Across all medicines, mercaptopurine 50 mg showed the lowest prices (median: US$10.85 PPP/DDD − Netherlands; minimum (min) = US$0.89 PPP/DDD − Spain; maximum (max) = US$26.02 PPP/DDD − Colombia) in all countries. Prices of imatinib 100 mg (median = US$78.24 PPP/DDD − Colombia; min = US$6.71 PPP/DDD − Peru, max = US$162.89 PPP/DDD − Germany) and imatinib 400 mg (median = US$87.51 PPP/DDD; min = US$11.54 PPP/DDD − Peru, max = US$189.10 PPP/DDD − Hungary) were also lower than other medicines, but they differed considerably between countries. For nilotinib 200 mg, pazopanib 200 mg, pazopanib 400 mg, rituximab 100 mg, and rituximab 500 mg, prices ranged from approximately US$50 PPP/DDD to US$200 PPP/DDD; for these medicines Poland reported the highest prices, while the lowest prices were reported for Mexico and Brazil. For most analyzed medicines, Sweden and the UK reported the lowest prices, while prices in Poland and Romania were among the highest. For some medicines, Peru and Brazil reported the highest prices (e.g., bevacizumab 100 mg and 400 mg, and cetuximab 100 mg; see also Online Supplemental Material: A1, A2, and A3).

3.2 Affordability Differences Between Countries

The affordability assessment showed that medicines were more affordable in HICs than in MICs (Fig. 2). For all medicines, less than 5 days’ wages were required to purchase one DDD in all UHICs (median = 2.04 days/DDD), whereas the requirement increased to 5–13 days’ wages in European LHICs (median = 6.79 days/DDD). Across European countries, medicines were the least affordable (0.72–13.03 minimum wages) in Romania. In LATAM countries, for most medicines, 5 to more than 20 days’ wages were required to buy one DDD of a medicine (median = 10.53 days/DDD). Overall, medicines in Mexico were the least affordable (Online Supplemental Material: A4 and A5).

Fig. 2
figure 2

Affordability of originator cancer medicines in 11 European countries and five LATAM countries. day/DDD number of daily minimum wages necessary to buy one DDD, DDD defined daily dose, LATAM Latin America(n countries), LHIC lower high-income countries, mg milligram, UHIC upper high-income countries, country code—see Table 1

Across all countries, mercaptopurine 50 mg (median = 0.19 day/DDD), trastuzumab 150 mg (median = 1.97 day/DDD), imatinib 100 mg (median = 2.06 day/DDD), and imatinib 400 mg (median = 2.01 day/DDD) were the most affordable medicines. Eight medicines (bevacizumab 100 mg, bevacizumab 400 mg, cetuximab 100 mg, dasatinib 50 mg, everolimus 5 mg, panitumumab 100 mg, sunitinib 12.5 mg, and trastuzumab 440 mg) reported the highest rates of unaffordability. For all other medicines, median affordability values ranged from 3 to up to nearly 5 days/DDD (Online Supplemental Material: A4 and A5).

4 Discussion

The study shows price differences for originator cancer medicines between LATAM countries and European countries and across European countries of different income levels. In general, PPP-adjusted prices in HICs tended to be lower than in LICs.
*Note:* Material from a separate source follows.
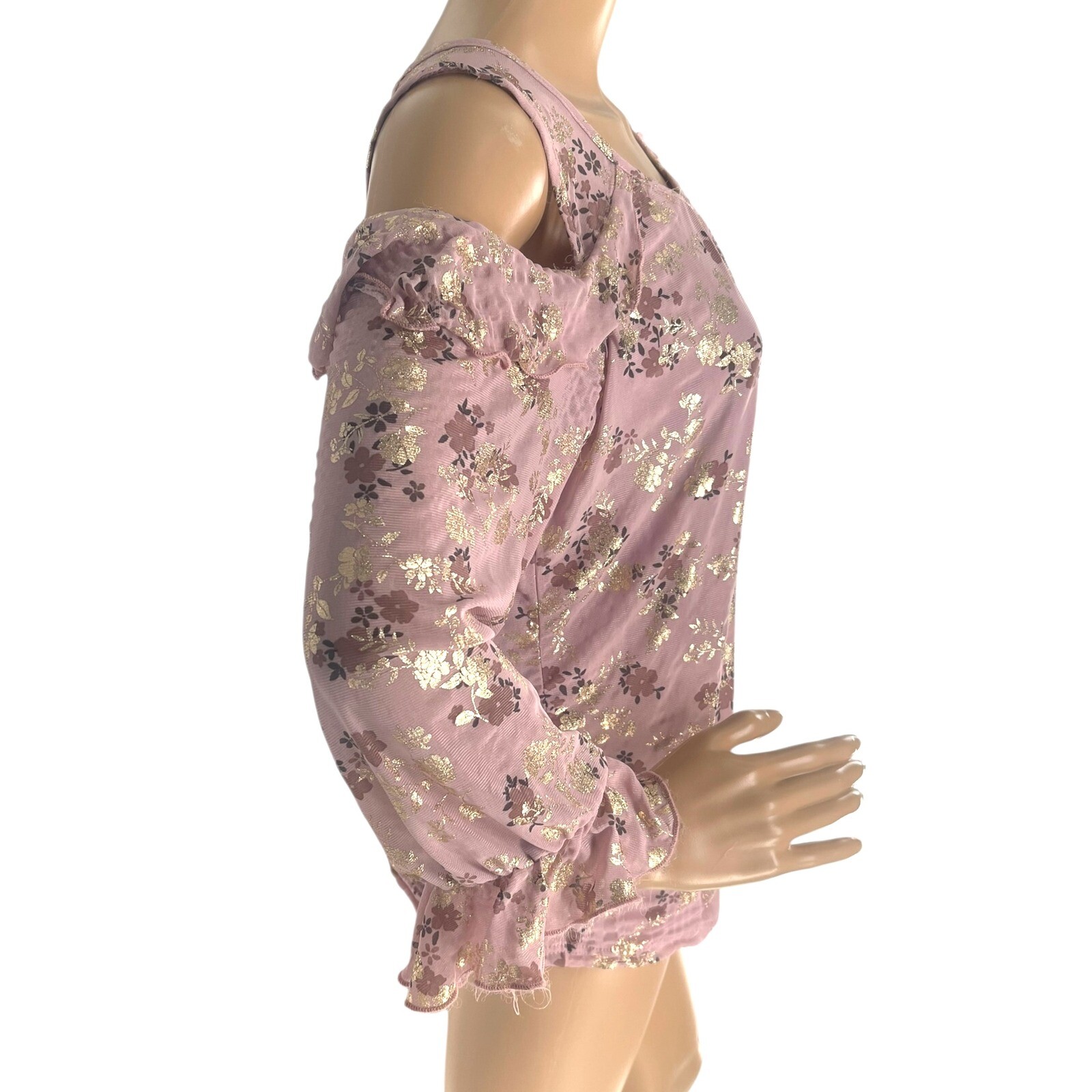 Poppi Floral Cold Shoulder Top Gold Accents Ruffle Sleeve Blouse M Balletcore Chic blouse, featuring a beautiful floral pattern with gold accents that catch the light. This top has a unique cold shoulder design with delicate ruffle detailing on the sleeves and hem, adding a touch of femininity. The lightweight fabric and comfortable fit make it perfect for both casual and dressy occasions. Pair it with jeans for a daytime outing or dress pants for a night out. Color: Pink Type: Blouse Department: Women Style: Basic Material: Polyester, Spandex Neckline: Scoop Neck Sleeve Length: Long Sleeve Sleeve Type: Cold Shoulder Sleeve Accents: Ruffle, Glitter Pattern: Floral Features: Lightweight, Ruffle Hem, Gold Accents, Sheer, Lined Fit: Regular Measurements approx. taken flat: Bust 18"/Waist 18.5"/Length 22.5" Condition: Good. Some fraying at cuffs Keywords: gold accents, ruffle sleeve, party top, casual blouse, dressy top, floral print, boho

4.1 Prices of Cancer Medicines

Prices of all studied medicines differed between countries. Across Europe, PPP-adjusted prices in UHICs (France, Germany, the Netherlands, the UK, and Sweden) were lower than in LHICs (Spain, Poland, Hungary, Greece and Romania). Prices in European (UHIC and LHIC) countries were similar to or lower than in LATAM countries. This finding confirms previous research that could not identify any positive association between the income of a country and medicine prices [32,33,34,35,36, 54] and suggests a rather inverse relationship between country income and price (i.e., higher prices in LICs).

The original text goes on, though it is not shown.